Data records:
------------------------------------

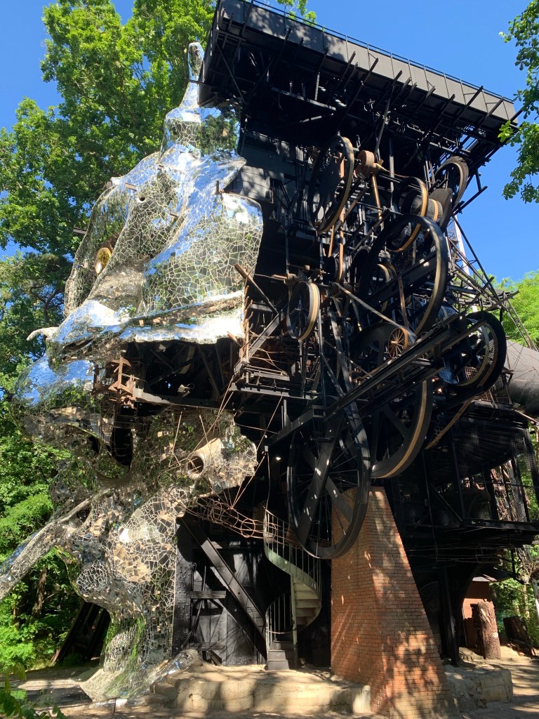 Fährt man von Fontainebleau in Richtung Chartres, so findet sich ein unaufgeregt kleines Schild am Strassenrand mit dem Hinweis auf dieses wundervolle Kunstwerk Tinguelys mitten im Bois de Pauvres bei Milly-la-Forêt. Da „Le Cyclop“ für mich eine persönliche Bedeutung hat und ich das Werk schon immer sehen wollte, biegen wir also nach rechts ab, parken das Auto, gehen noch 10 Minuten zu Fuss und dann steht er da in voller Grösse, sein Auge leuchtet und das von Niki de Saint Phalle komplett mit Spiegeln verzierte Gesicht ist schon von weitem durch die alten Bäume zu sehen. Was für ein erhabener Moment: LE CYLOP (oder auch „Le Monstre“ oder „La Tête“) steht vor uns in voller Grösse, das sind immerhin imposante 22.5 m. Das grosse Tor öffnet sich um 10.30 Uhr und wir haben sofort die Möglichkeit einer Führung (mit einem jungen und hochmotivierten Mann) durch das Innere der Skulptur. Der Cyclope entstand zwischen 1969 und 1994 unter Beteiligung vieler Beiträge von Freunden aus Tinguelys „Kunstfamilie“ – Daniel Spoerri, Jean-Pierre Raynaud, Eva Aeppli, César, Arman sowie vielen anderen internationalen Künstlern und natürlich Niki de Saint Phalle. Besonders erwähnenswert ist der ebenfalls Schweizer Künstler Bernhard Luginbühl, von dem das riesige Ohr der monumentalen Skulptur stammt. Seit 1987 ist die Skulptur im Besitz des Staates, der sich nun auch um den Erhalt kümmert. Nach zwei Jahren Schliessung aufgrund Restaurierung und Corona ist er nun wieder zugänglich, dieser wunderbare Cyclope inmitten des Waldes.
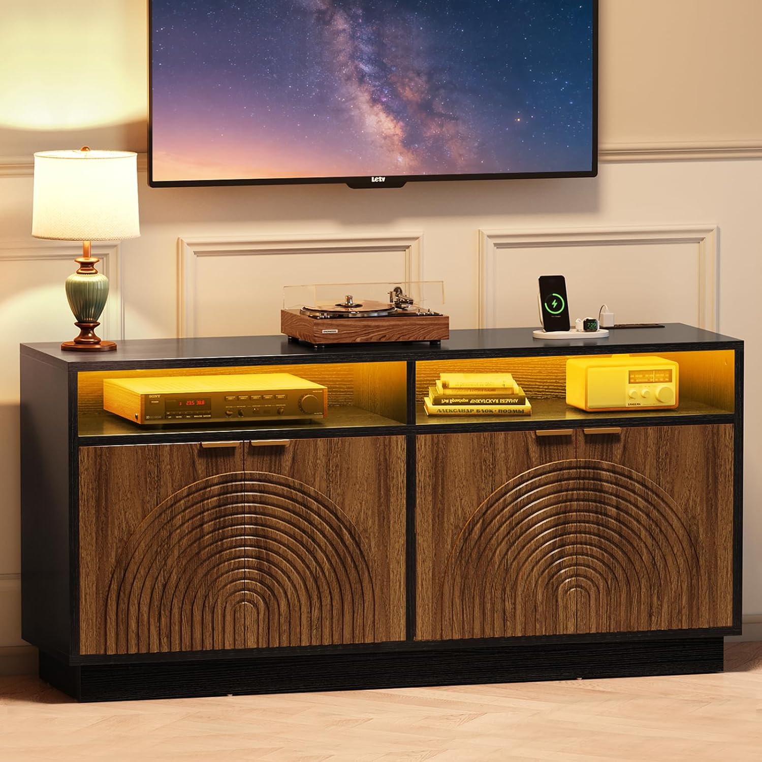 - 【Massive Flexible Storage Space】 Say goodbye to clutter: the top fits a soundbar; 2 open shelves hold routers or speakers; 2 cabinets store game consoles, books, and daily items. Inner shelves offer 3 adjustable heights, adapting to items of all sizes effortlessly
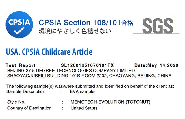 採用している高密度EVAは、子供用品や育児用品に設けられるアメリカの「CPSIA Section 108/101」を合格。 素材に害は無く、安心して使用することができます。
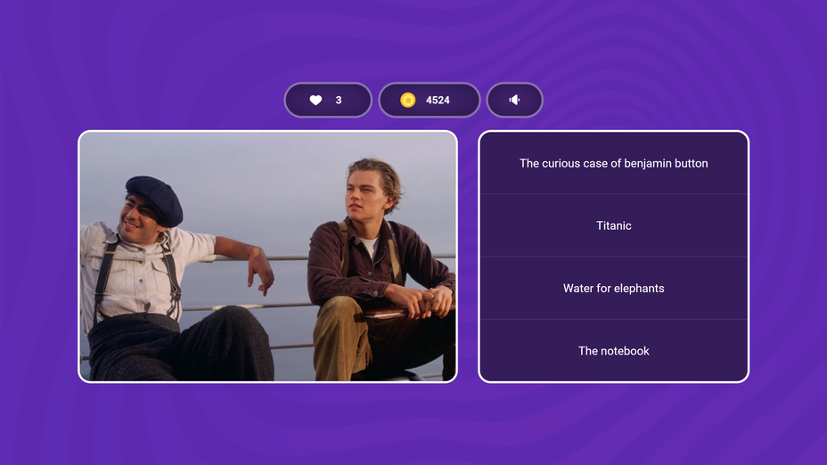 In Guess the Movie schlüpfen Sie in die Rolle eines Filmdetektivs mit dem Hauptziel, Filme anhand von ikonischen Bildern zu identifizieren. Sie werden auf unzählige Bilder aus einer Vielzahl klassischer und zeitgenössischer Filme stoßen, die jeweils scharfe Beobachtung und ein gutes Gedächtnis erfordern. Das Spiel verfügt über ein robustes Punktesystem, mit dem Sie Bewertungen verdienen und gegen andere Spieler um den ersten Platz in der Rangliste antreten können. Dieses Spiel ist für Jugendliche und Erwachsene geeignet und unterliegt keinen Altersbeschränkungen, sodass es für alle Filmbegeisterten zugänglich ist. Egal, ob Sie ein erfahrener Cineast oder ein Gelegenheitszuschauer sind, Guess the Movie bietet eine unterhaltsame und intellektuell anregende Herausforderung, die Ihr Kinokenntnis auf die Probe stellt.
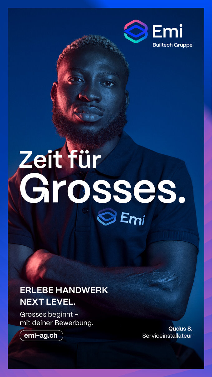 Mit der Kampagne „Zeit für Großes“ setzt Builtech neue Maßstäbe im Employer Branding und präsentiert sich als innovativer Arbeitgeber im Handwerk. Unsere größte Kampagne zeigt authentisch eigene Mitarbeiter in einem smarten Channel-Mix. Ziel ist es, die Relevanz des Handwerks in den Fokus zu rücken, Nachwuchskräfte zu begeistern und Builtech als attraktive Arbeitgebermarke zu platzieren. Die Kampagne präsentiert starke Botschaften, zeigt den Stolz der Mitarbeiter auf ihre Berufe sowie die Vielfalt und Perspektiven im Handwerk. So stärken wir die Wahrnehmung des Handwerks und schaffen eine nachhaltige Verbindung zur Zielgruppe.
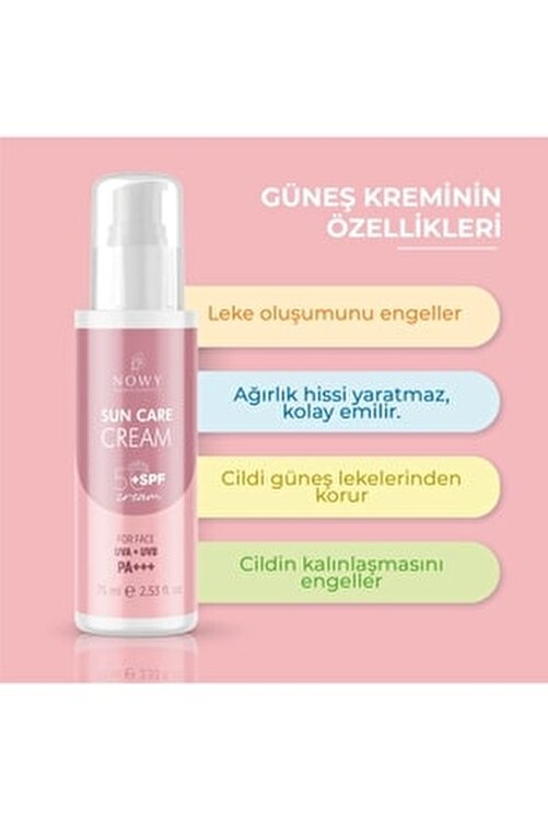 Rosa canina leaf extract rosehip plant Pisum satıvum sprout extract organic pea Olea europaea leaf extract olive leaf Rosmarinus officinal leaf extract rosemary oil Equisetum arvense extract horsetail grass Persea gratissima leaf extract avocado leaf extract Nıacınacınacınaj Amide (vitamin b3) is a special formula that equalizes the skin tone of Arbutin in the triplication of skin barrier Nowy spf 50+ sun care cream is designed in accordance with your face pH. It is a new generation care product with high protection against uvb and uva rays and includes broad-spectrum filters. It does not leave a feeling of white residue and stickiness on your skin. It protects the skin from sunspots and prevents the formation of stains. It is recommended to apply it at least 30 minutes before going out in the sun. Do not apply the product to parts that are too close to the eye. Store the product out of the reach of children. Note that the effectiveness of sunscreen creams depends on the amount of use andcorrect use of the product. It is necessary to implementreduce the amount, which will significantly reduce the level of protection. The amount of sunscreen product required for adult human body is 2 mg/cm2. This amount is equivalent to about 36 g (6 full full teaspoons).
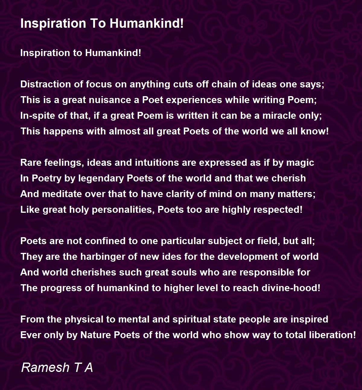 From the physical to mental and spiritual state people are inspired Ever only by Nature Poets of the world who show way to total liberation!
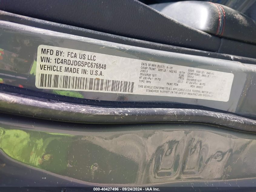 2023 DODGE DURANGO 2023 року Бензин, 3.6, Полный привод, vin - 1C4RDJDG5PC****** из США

------------------------------------

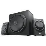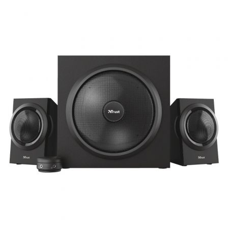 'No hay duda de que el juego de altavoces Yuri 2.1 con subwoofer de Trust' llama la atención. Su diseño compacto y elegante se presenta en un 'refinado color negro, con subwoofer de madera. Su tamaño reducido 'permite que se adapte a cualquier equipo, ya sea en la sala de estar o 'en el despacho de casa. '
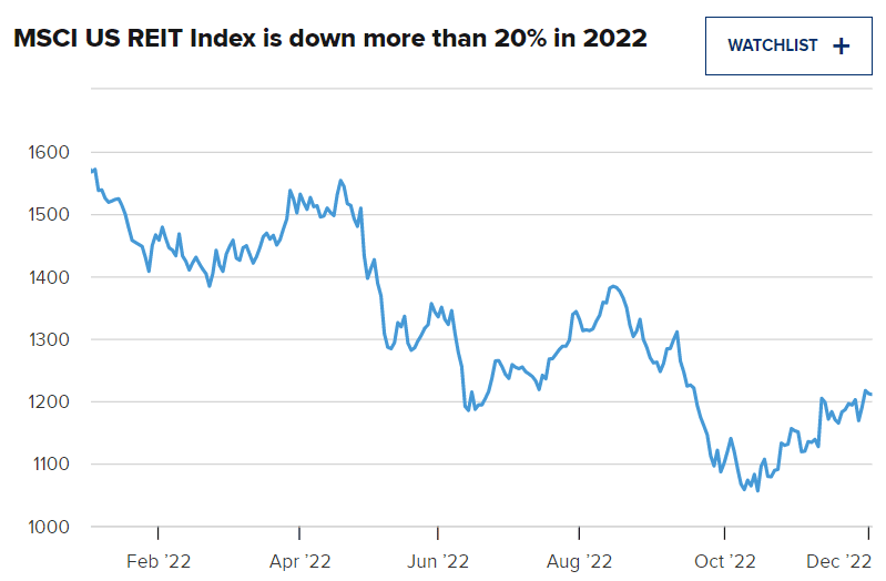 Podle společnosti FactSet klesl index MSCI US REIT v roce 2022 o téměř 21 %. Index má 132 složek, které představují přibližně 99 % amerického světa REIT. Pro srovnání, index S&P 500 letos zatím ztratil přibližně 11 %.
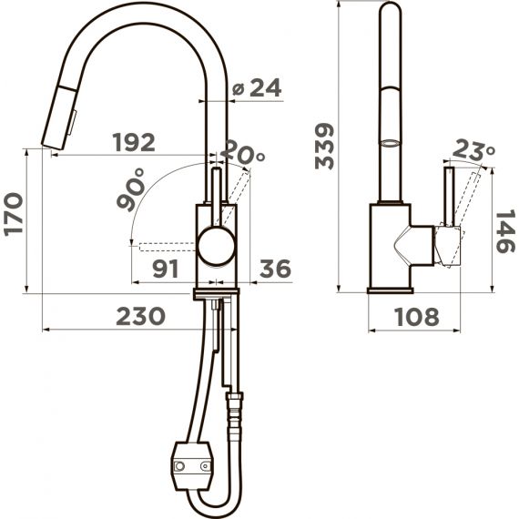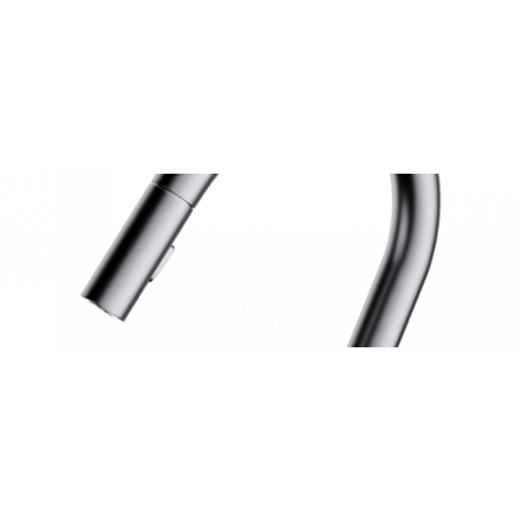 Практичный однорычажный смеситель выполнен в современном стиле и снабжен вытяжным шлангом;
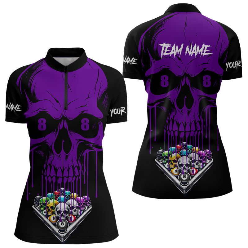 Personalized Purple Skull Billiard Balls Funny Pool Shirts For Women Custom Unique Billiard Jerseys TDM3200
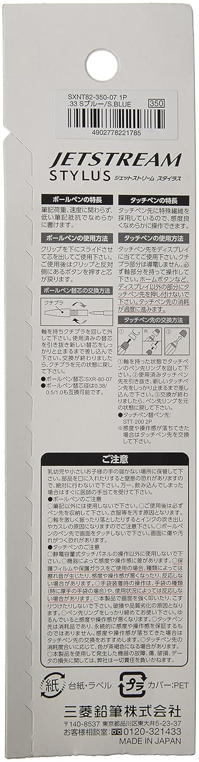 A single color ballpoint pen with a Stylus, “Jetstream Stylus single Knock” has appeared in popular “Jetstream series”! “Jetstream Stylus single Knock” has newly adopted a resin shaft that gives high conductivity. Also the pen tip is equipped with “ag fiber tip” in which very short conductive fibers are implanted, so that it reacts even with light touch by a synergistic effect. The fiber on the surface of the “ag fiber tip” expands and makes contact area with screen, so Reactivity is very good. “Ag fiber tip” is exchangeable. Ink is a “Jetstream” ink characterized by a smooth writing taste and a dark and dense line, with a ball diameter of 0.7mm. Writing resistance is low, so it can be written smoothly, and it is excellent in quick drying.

------------------------------------

ACTION ITEM:
While skipping the pictures, transcribe the data above from the line showing "Podle společnosti FactSet" through the line showing "Personalized Purple Skull", exactly and with both ends.

YOUR RESPONSE:
 Podle společnosti FactSet klesl index MSCI US REIT v roce 2022 o téměř 21 %. Index má 132 složek, které představují přibližně 99 % amerického světa REIT. Pro srovnání, index S&P 500 letos zatím ztratil přibližně 11 %.
 Практичный однорычажный смеситель выполнен в современном стиле и снабжен вытяжным шлангом;
 Personalized Purple Skull Billiard Balls Funny Pool Shirts For Women Custom Unique Billiard Jerseys TDM3200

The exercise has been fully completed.